_EXERCISE DIRECTIONS:_
Below, some lines carry pictures; leave those pictures out and retype exactly the lines from the one with "papildomą kainą )" through the one with "Новогоднее подвесное елочное".

_RECORDS SHOWN:_
+--

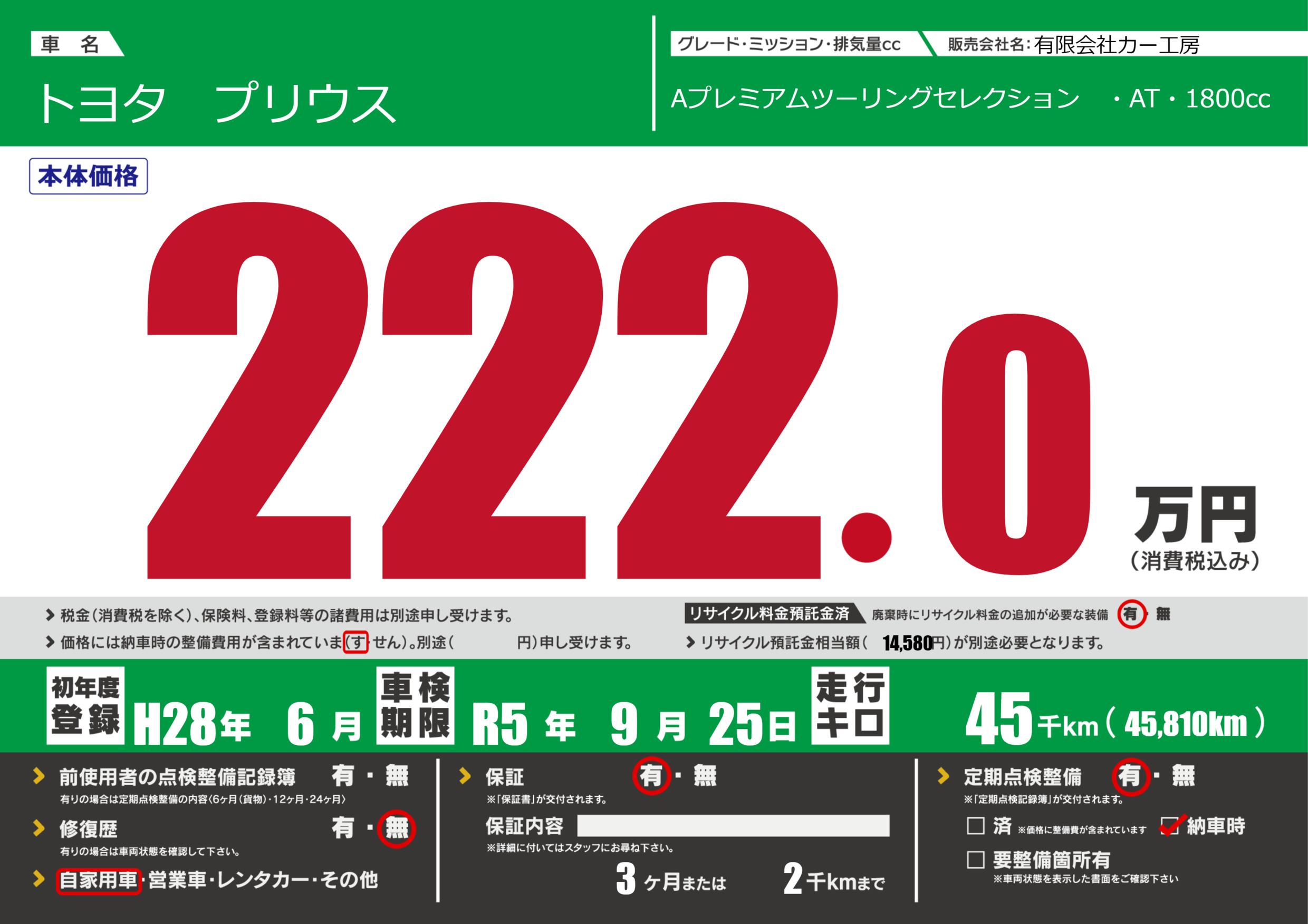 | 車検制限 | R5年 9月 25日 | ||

+--

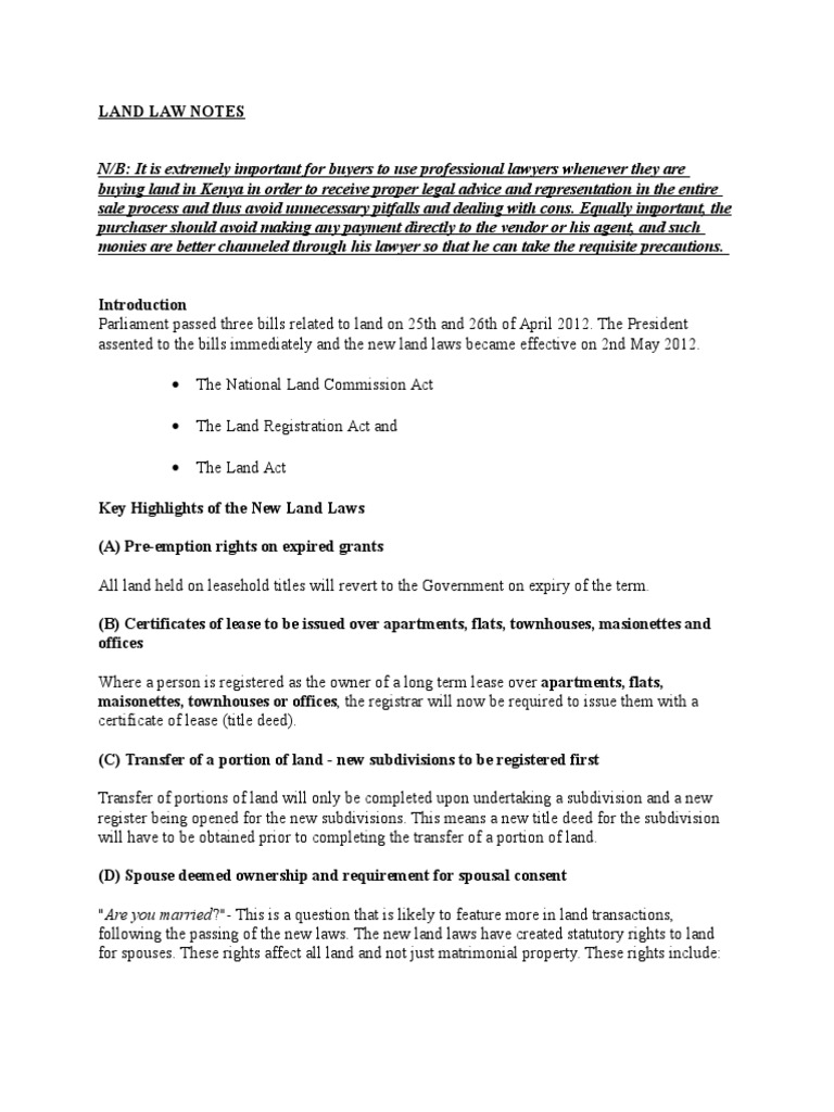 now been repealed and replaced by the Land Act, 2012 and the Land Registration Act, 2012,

+--

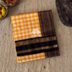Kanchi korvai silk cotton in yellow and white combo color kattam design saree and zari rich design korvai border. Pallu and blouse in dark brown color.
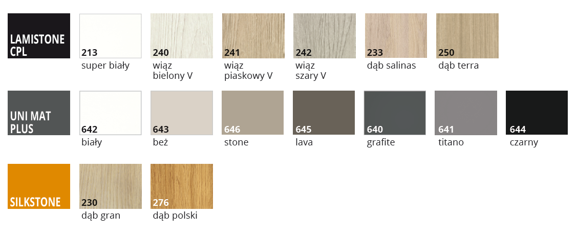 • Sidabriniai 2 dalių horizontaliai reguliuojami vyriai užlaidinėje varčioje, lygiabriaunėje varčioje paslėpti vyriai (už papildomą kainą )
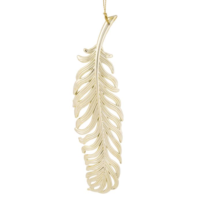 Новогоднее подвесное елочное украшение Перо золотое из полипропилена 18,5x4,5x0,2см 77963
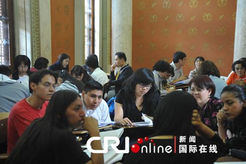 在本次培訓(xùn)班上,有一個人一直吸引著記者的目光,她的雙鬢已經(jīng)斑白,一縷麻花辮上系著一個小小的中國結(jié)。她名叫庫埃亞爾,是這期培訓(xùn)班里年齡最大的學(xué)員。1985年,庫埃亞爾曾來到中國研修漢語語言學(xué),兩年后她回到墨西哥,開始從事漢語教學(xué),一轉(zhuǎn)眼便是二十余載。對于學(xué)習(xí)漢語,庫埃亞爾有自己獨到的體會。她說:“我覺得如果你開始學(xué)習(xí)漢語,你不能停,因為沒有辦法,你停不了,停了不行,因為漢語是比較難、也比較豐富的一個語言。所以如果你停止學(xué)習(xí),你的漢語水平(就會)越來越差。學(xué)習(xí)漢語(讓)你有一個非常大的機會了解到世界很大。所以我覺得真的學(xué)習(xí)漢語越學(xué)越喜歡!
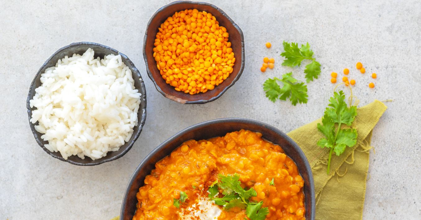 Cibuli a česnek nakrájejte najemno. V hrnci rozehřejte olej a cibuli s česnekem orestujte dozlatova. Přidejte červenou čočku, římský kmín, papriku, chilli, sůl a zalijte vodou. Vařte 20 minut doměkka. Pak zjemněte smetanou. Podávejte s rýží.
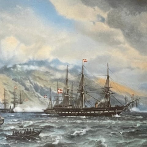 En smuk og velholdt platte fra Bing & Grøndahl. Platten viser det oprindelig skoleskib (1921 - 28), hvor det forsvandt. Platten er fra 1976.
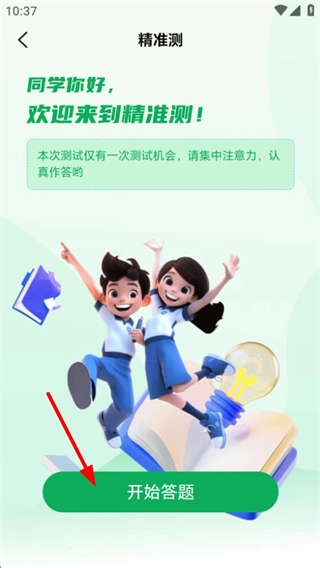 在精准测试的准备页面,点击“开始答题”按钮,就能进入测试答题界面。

+--

_YOUR SOLUTION:_
 • Sidabriniai 2 dalių horizontaliai reguliuojami vyriai užlaidinėje varčioje, lygiabriaunėje varčioje paslėpti vyriai (už papildomą kainą )
 Новогоднее подвесное елочное украшение Перо золотое из полипропилена 18,5x4,5x0,2см 77963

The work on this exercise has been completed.